RECORD EXCERPTS:
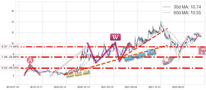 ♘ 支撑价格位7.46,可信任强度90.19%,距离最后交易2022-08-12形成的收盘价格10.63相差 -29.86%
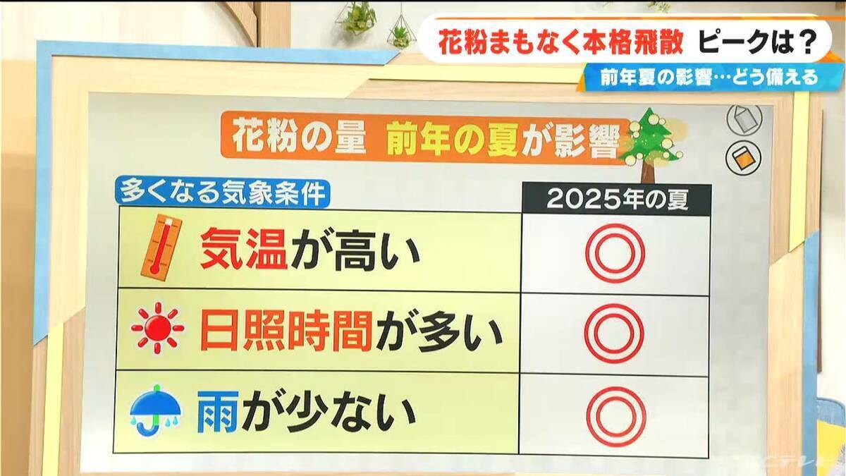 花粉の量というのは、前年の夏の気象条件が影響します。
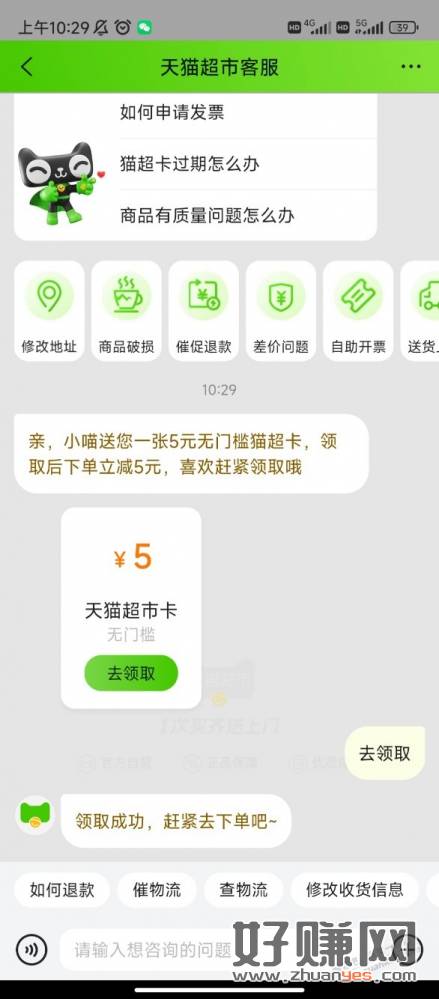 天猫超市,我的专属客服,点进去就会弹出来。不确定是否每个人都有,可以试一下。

==

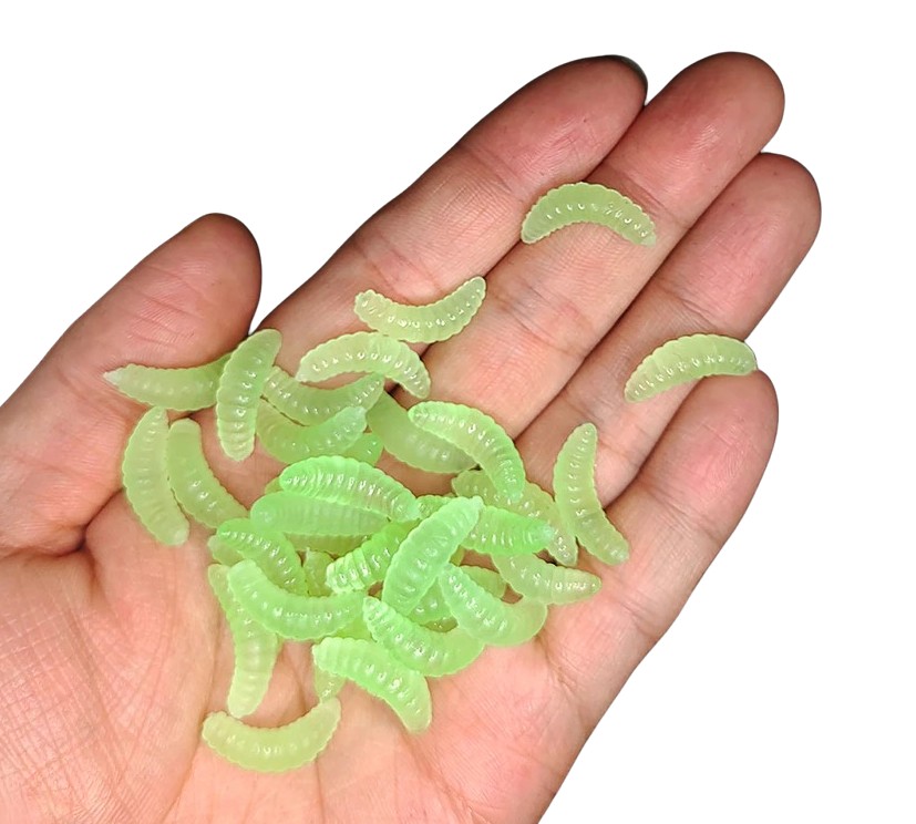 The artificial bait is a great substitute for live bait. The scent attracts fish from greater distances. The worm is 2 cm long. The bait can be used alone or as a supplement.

---

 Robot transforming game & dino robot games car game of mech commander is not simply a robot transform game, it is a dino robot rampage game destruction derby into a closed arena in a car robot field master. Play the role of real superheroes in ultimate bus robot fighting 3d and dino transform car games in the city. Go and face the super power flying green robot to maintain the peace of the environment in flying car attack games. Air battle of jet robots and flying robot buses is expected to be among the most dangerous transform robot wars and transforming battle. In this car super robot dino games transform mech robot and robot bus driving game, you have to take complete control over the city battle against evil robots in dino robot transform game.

EXERCISE INSTRUCTIONS:
Working from the records above, set down word for word everything from the line containing "花粉の量というのは、前年の夏の気象条件が影響します。" down to the line containing "天猫超市,我的专属客服,点进去就会弹出来。不确定是否每个人都有,可以试一下。", ends included, minus the pictures.

RESULT OF THIS TASK:
 花粉の量というのは、前年の夏の気象条件が影響します。
 天猫超市,我的专属客服,点进去就会弹出来。不确定是否每个人都有,可以试一下。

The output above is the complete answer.